You can also easily filter to only modules containing a substring:

module_avail("python")
#>  [1] "python/2.7.18"      "python/3.10.4"      "python/3.5.1"       "python/3.5.3"       "python/3.6.5-intel" "python/3.7.0"       "python/3.7.13"     
#>  [8] "python/3.8.3"       "python/3.8.8"       "python/3.9.5"

Loading and Unloading Modules

Load modules using module_load()!

module_load("python/3")
#> ✔ Successfully loaded python/3

If you’ve already loaded a module, you will be notified:

module_load("python/3")
#> ℹ Nothing to do. This module was probably already loaded. Use module_list() to verify.
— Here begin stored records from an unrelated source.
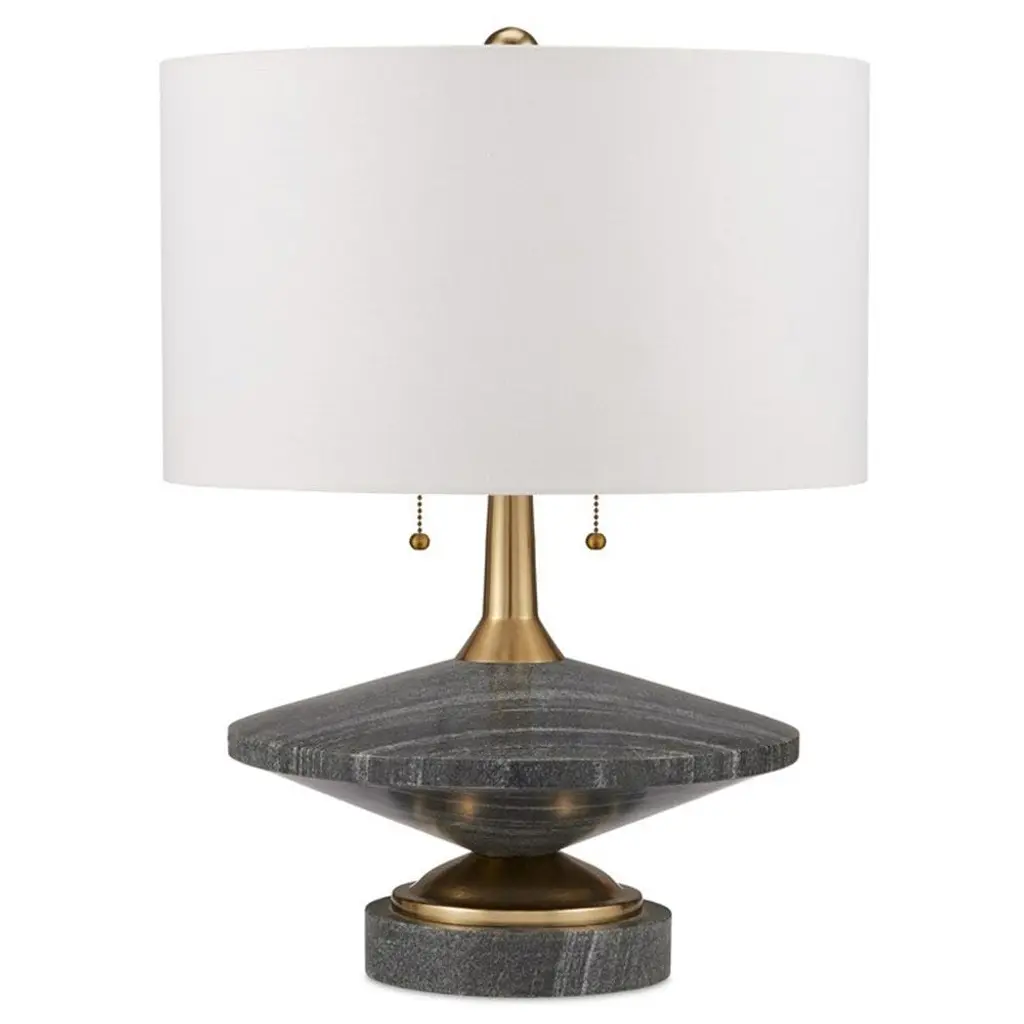 Alsace Table Lamp uses a unique combination of mixed materials to create a striking feature lamp. The antique brass parts are a stunning transition between the chunky, natural brown marble base and slender cork column. Under an off-white, silk shade, two lights with pull chains provide ample lighting throughout any space.
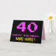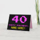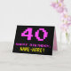 The front of this fun, nerdy, and geeky birthday-themed greeting card design features a large number "40" and the message "HAPPY BIRTHDAY," coloured pink, along with a bold yellow customisable recipient name. The text features an appearance inspired by that of classic 8-bit style video/computer game graphics from the 1970s and 1980s, and the background is coloured black. The inside features a personalised birthday greeting message, or could perhaps be cleared and left blank if a message is to be written by hand instead. A silly customisable birthday card like this might be a fun way to acknowledge somebody’s fortieth birthday. [~Z0000478]
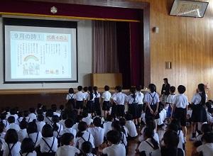 今日は1限目に学校集会がありました。今日はいつもしている児童集会がなく、表彰伝達と校長先生のお話でした。9月の詩の発表は4年生でした。とても頑張りましたね。
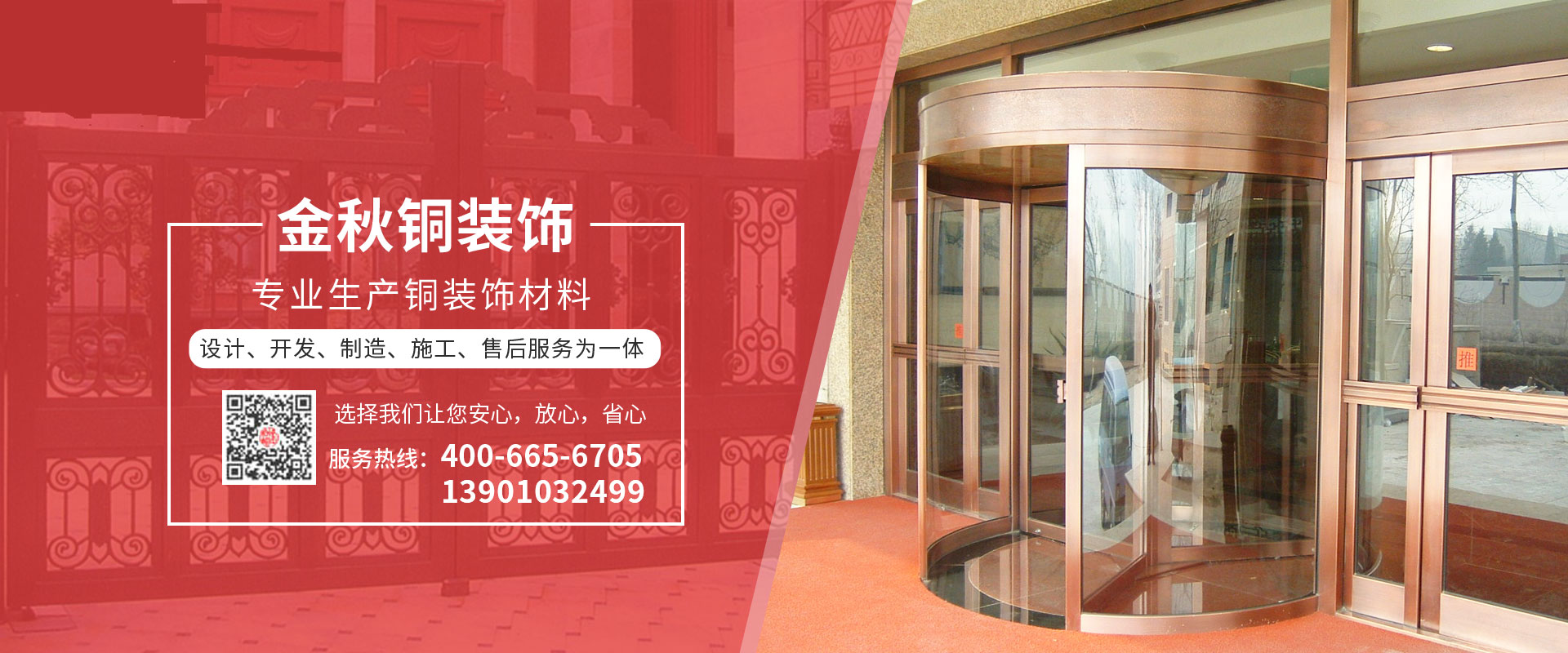 北京金秋銅裝飾材料有限公司是專業(yè)生產(chǎn)銅裝飾材料及設計、開發(fā)、制造、施工、售后服務為一體的大型綜合企業(yè)??沙薪咏ㄖ~裝飾工程及五星級酒店、別墅、博物館、樓樘管所等高檔銅裝飾項目;生產(chǎn)各種規(guī)格的旋轉(zhuǎn)門、平滑門、別墅門、電控門、工藝門、旋轉(zhuǎn)護欄、屋頂銅飾防水瓦、浮雕壁畫......
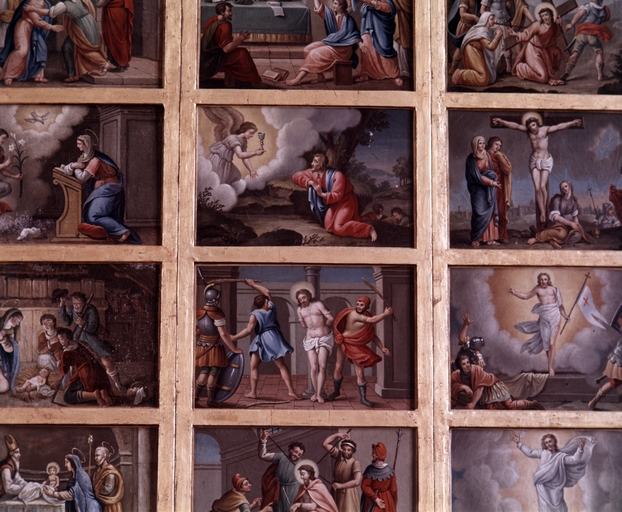 Tableau : vie du Christ et de la Vierge, église paroissiale Saint-Barnabé (Langoëlan),
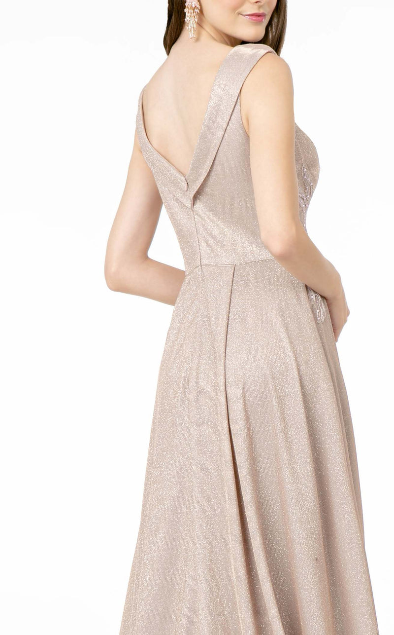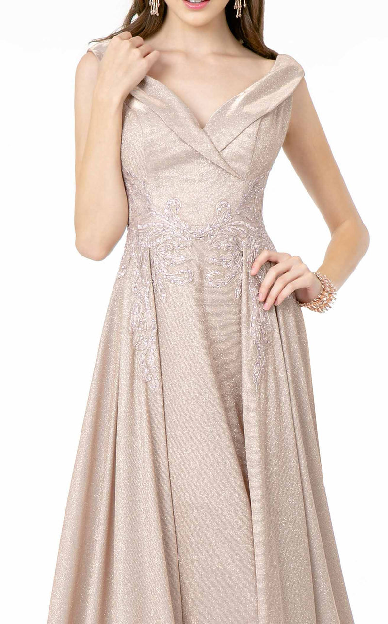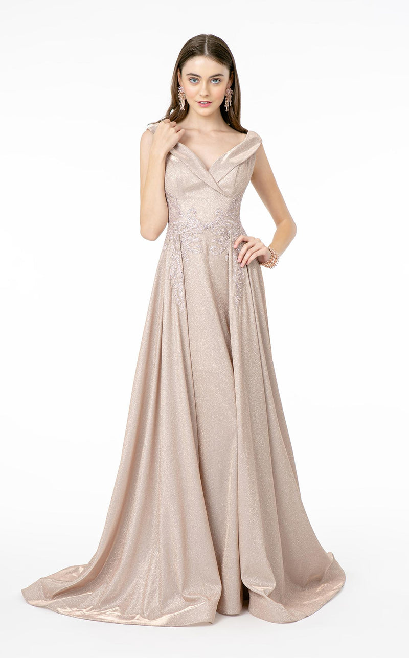 Add grace to your walk at the upcoming party with this fabulous long dress from the feminine collection of Elizabeth K GL1817. This fit and flare A-line dress beautifully flares to reach the ground and take the shape of a small chapel train. Sequined with gleaming embellishments, this dress gets a striking appeal from the fold-over accent adorning the V-neckline.
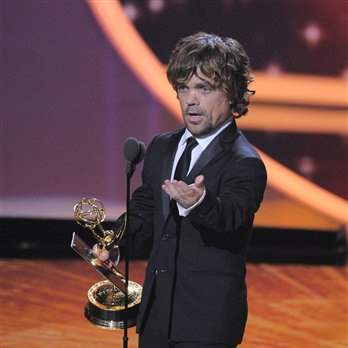 Peter Dinklage accepts the award for outstanding supporting actor in a drama series for "Game of Thrones" at the 63rd Primetime Emmy Awards on Sunday in Los Angeles.
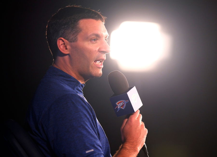 Head coach Mark Daigneault talks with the Thunder broadcast crew.Thunder media day ay the Paycom Center Monday, Sept. 30, 2024.
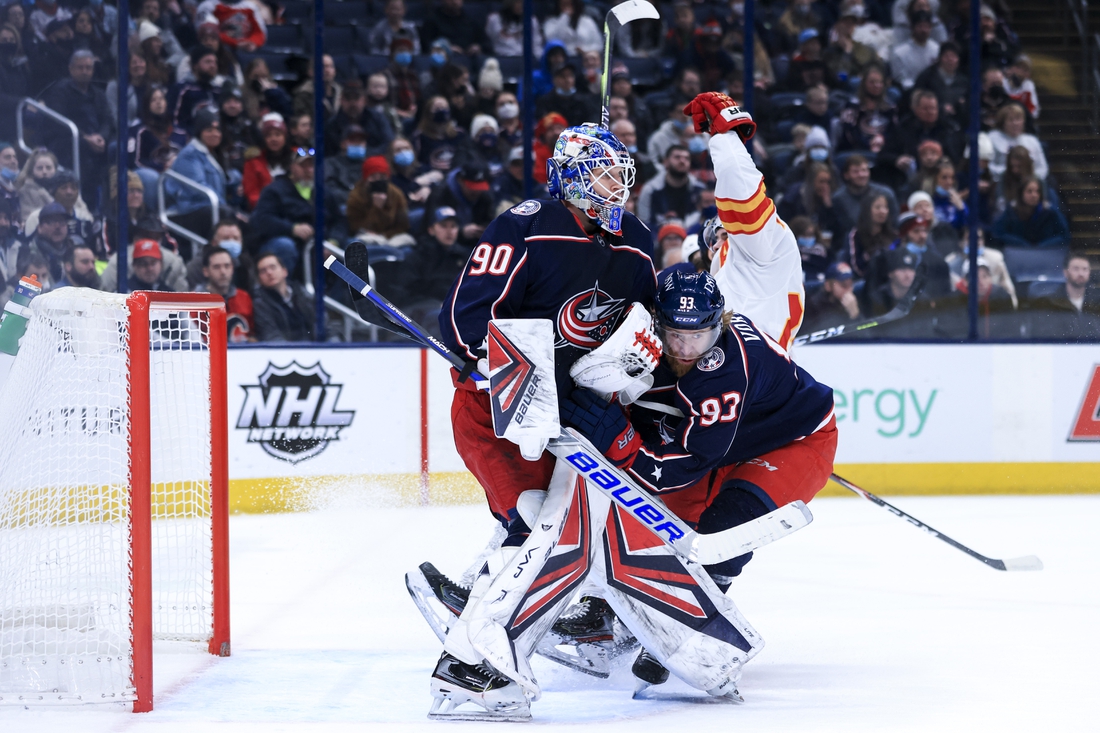 Backlund snapped his 18-game goal-scoring slump when he scored his fifth of the season at 4:21 of the first period. Taking advantage of a turnover at his own blue line, Backlund raced away and beat Merzlikins with a slap shot from the top of the left circle.
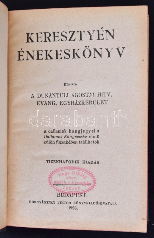 https://www.darabanth.com/en/281-Online-auction/281.0/Books/Books-Religion~39/Keresztyen-enekeskonyv-Kiadja-a-Dunantuli-agostai-hitvevangegyhazkerulet-Bp-1923-Horn~II1361310
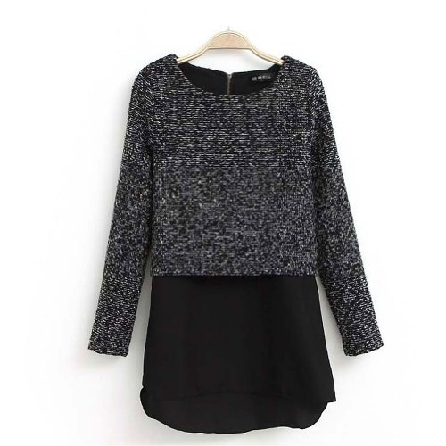 Full Sleeve Dress Woolen Chiffon Bottom Patchwork Solid All-match Dress (Size L)

You can unload a module using the corresponding module_unload():

module_unload("python/3")
#> ✔ Successfully unloaded python/3

Listing Loaded Modules

You can list modules that have been already loaded with module_list():

module_load("python/3")
#> ✔ Successfully loaded python/3
module_list()
#> [1] "python/3.8.8"

Autocomplete

Both module_load and module_unload support a “magic” autocomplete that activates if you put a dollar sign after the function name.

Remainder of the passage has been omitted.